Other essential commodities that have seen a spike in cost are restaurants and hotels, communication and alcohol and tobacco. Mortgage interest rates, gas prices and food and drink still saw deflation compared to January 2016, however there is still an increased pressure as inflation nearly reaches the bank of England’s target rate of 2%.
Wage growth also slowed in the three months to January and was just 2.6% higher on average than it was in the same month in 2016. With wage growth slowing and the cost of essential items increasing, families’ disposable income is becoming increasingly squeezed.
Despite consumers’ disposable income growth slowing, the purse strings are not being tightened just yet. This month’s report found that average unsecured household debt such as credit cards and loads reached £7,000 at the end of 2016. This is £508 higher than it was in the previous year and going into 2017 is rising at a rate of over 10% per year.
The continued strong rise in debt suggests that consumers still make use of low interest rates, despite the gloomy outlook for finances in the coming months. As an overall market, consumer credit was £14bn higher in January than the same time last year and £36bn up from this time three years ago.
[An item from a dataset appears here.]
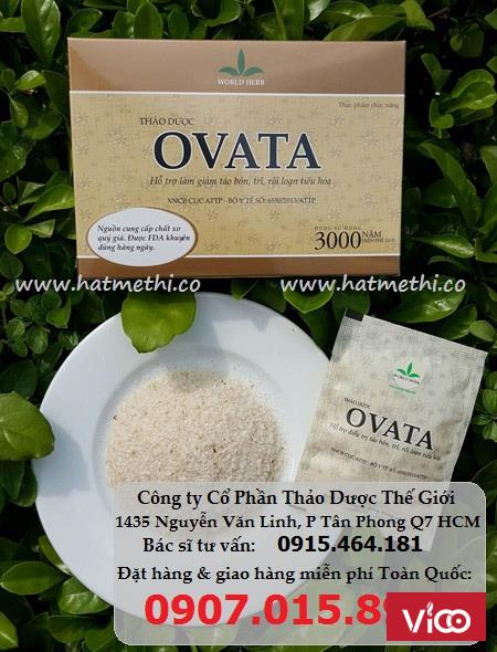 - Thảo dược OVATA chứa đến 70% chất sơ hòa tan và 30% chất nhầy, khi vào hệ thống tiêu hóa sẽ trương nở, giữ nước, làm tăng thể tích và mềm phân, tạo nhuận trường khối kích thích nhu động ruột, giúp đẩy chất thải nhanh, sạch và dễ dàng.

Scott Corfe, Economist, Cebr, said: “The party is starting to fizzle out for consumers in 2017, with growth in discretionary spending fading fast. The latest Income Tracker sets the scene for next month's Budget, when the Chancellor will be under pressure to deliver some tax cuts for the 'just about managing' at a time when incomes are under the cosh. He will have a delicate balancing act between providing these tax cuts, and needing to boost spending on the NHS and care."